ECLI:NL:TGZRAMS:2019:166 Regionaal Tuchtcollege voor de Gezondheidszorg Amsterdam 2019/131

ECLI: ECLI:NL:TGZRAMS:2019:166
Datum uitspraak: 22-08-2019
Datum publicatie: 22-08-2019
Zaaknummer(s): 2019/131
Onderwerp: Onjuiste behandeling/verkeerde diagnose
Beslissingen: Ongegrond/afwijzing
Inhoudsindicatie: Klager verwijt verweerder dat hij hem onder dwang medicatie heeft laten slikken zonder diagnose te stellen of onderzoek te verrichten. Hij verwijt hem dat hij hem ten onrechte heeft gedreigd met opname indien klager niet zou voldoen aan de voorwaarde van het innemen van medicatie. Verweerder wordt ook het verwijt gemaakt op grond van valse informatie rechterlijke machtigingen te hebben aangevraagd. Ongegrond

REGIONAAL TUCHTCOLLEGE VOOR DE GEZONDHEIDSZORG

AMSTERDAM

Beslissing naar aanleiding van de op 21 maart 2019 binnengekomen klacht van:

A,

wonende te B,

k l a g e r,              

tegen

C,

psychiater,

(destijds) werkzaam te B,

v e r w e e r d e r, 

gemachtigde: mr. J.S.M. Brouwer, verbonden aan DAS Rechtsbijstand te Amsterdam.

1.         De procedure

Het college heeft kennisgenomen van de volgende stukken:

-                      het klaagschrift met de bijlagen;

-                      het verweerschrift met de bijlagen;

-                      de correspondentie met betrekking tot het vooronderzoek;

-                      het proces-verbaal van het op 23 juli 2019 gehouden vooronderzoek.

De klacht is in raadkamer behandeld.

2.         De feiten

Op grond van de stukken kan van het volgende worden uitgegaan:

2.1.      Klager is bekend met diabetes mellitus en kampt met psychische klachten.
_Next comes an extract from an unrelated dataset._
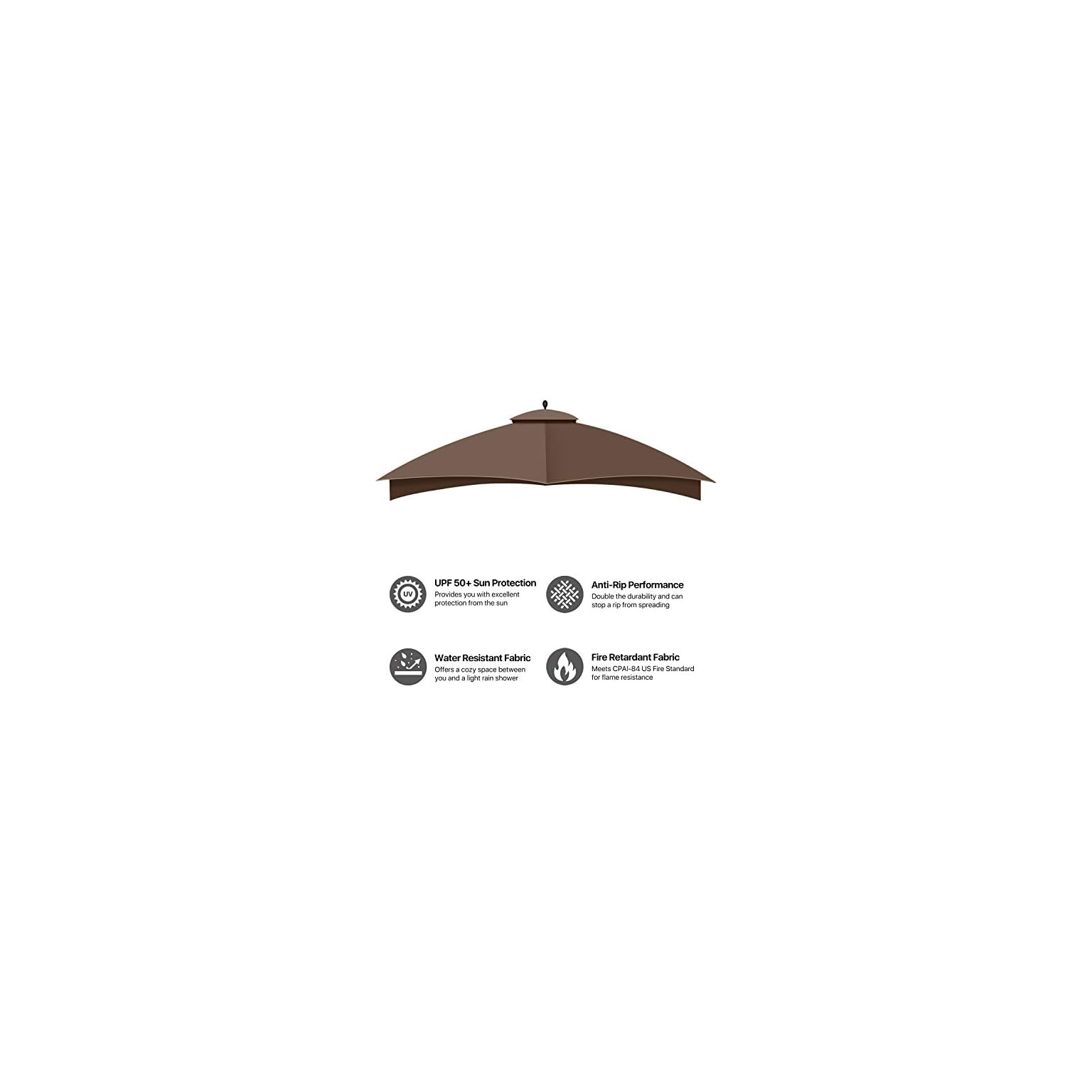 Flexzion-Pavillon-Ersatzzelt-fuer-Lowes-Home-Depot-Allen-Roth-3×3-m-UV-UPF-50-doppelstoeckig-einfarbiger-Rand-wasserabweisend-Schatten-fuer-den-Aussenbereich-Garten-Terrasse-Pavillon-braun

In het voorjaar van 2014 is klager op grond van een inbewaringstelling (ibs) opgenomen geweest; na zijn ontslag is klager in zorg gekomen bij verweerder, psychiater van het FACT-team.

2.2.      Verweerder heeft klager voor de eerste maal gesproken op 23 mei 2014. In dat gesprek heeft klager aangegeven het niet eens te zijn met de diagnose schizofrenie en niet in psychiatrie te geloven, maar de behandeling met aripiprazol te accepten, omdat die door de rechter is opgelegd.

2.3.      In de periode daarna heeft klager afspraken bij een sociaal psychiatrisch verpleegkundige en enkele afspraken bij verweerder.

2.4.      Per 29 oktober 2014 was de eerder afgegeven voorwaardelijke machtiging niet meer geldig. In overleg met klager werd geen nieuwe machtiging aangevraagd.

2.5.      Op 17 maart 2015 is de diagnose uiteindelijk gesteld op psychotische stoornis. Klager is akkoord gegaan met deze diagnose en het behandelplan.

2.6.      In december 2015 heeft op verzoek van de Officier van Justitie een psychiatrisch onderzoek bij klager plaatsgehad.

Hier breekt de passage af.